Some graphs which show PowerDNS performance are on http://adsl-xs4all.ds9a.nl/rrd
Scripts to make these graphs come with the recursor.
The PowerDNS recursor, with tinydns/dnscache, implements some important
anti-spoofing tricks detailed in
http://www.ietf.org/internet-drafts/draft-hubert-dns-anti-spoofing-00.txt :
This trick however requires opening up to lots of extra sockets, which in
turn requires Solaris 10 if you desire high performance, as listening to
many sockets using select(2) is not fast enough. It is worth it though -
many domains can otherwise be spoofed within hours.
We know from users that you can achieve over 3000qps on a single 750MHz
Ultrasparc-II, in production.
The PowerDNS Recursor is able to use two cpus to actually double its
performance, and sadly, memory use. We are currently, together with Sun and
one of our users, investigating some issues between Solaris 10 and PowerDNS
where after prolonged operations, the entire query load is assigned to a
single PowerDNS thread, with the other CPU no longer participating.

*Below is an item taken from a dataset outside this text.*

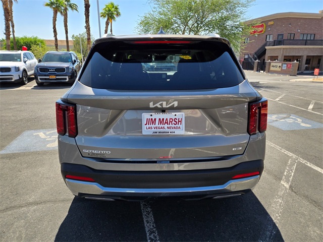Recent Arrival!CARFAX One-Owner.Odometer is 2349 miles below market average!34/34 City/Highway MPGVolcanic Sand 2025 Kia Sorento Hybrid EX AWD 6-Speed Automatic 1.6L Turbo GDI 4-Cylinder 1.6L Turbo GDI 4-Cylinder.If you don't drive here, you can't save here!Price may not include recon fee. EX Panoramic Sunroof Package (LED Interior Lighting and Power Sunroof w/Power Sunshade), 1.6L Turbo GDI 4-Cylinder, 3rd row seats: split-bench, 4-Wheel Disc Brakes, 6 Speakers, ABS brakes, Air Conditioning, Alloy wheels, AM/FM radio: SiriusXM, Apple CarPlay & Android Auto, Auto High-beam Headlights, Automatic temperature control, Brake assist, Bumpers: body-color, Carpeted Floor Mats, Delay-off headlights, Driver door bin, Driver vanity mirror, Dual front impact airbags, Dual front side impact airbags, Electronic Stability Control, Emergency communication system: 911 Connect, Exterior Parking Camera Rear, Four wheel independent suspension, Front anti-roll bar, Front Bucket Seats, Front Center Armrest, Front dual zone A/C, Front fog lights, Front reading lights, Fully automatic headlights, Heated door mirrors, Heated Front Bucket Seats, Heated front seats, Illuminated entry, Knee airbag, Leather steering wheel, Low tire pressure warning, Navigation System, Occupant sensing airbag, Outside temperature display, Overhead airbag, Overhead console, Panic alarm, Passenger door bin, Passenger vanity mirror, Power door mirrors, Power driver seat, Power Liftgate, Power passenger seat, Power steering, Power windows, Radio data system, Radio: AM/FM/SiriusXM Audio System, Rear air conditioning, Rear anti-roll bar, Rear reading lights, Rear window defroster, Rear window wiper, Remote keyless entry, Security system, Smart Key w/ Push Button and Remote Start, Speed control, Speed-sensing steering, Split folding rear seat, Spoiler, Steering wheel mounted audio controls, SynTex Artificial Leather Seat Trim, Tachometer, Telescoping steering wheel, Tilt steering wheel, Traction control, Trip computer, Turn signal indicator mirrors, Variably intermittent wipers, and Wheels: 19" Machine-Finished Aero Alloy.
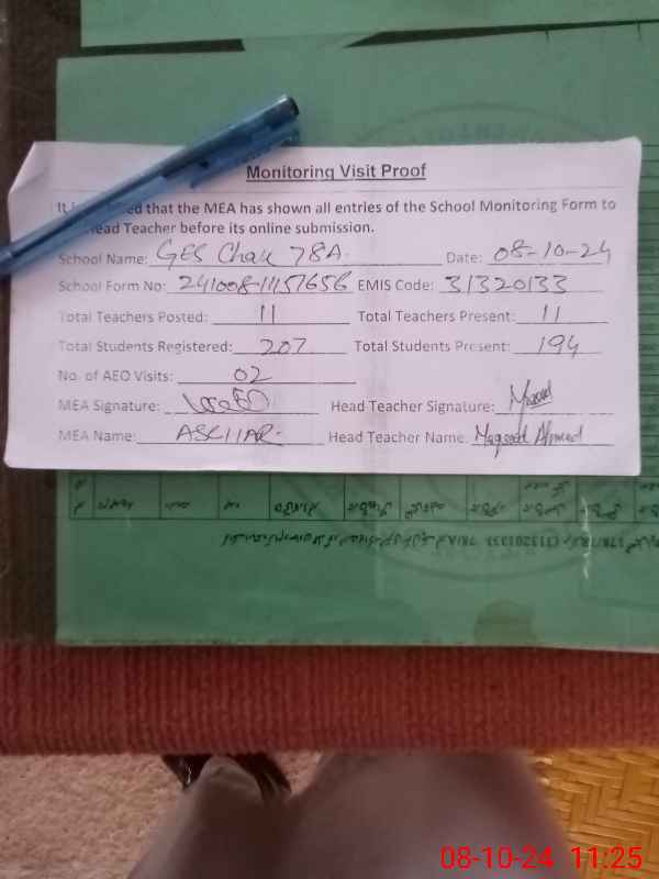 | Attendance Register | Head Teacher | MEA with School | Visit Proof |

This may turn out to be a Solaris issue, but it is not sure yet. Sun
(Netherlands) has made a fully loaded T2000 available for our development,
which has allowed us to test scalability issues very well.
> The other option would probably be Nominum[1] caching server.
We hear rumours that its performance is stellar, especially on Solaris, and
we definitely want to get PowerDNS to be just as fast or faster. We know
about some inefficiencies hiding within the PowerDNS recursor that should
allow us to speed up the daemon by a factor of two.
However, inherently, we will remain at a handicap versus nameservers that do
not implement source port randomisation (which appears to include bind 8,
bind 9 and CNS). We like to think the added security makes up for that.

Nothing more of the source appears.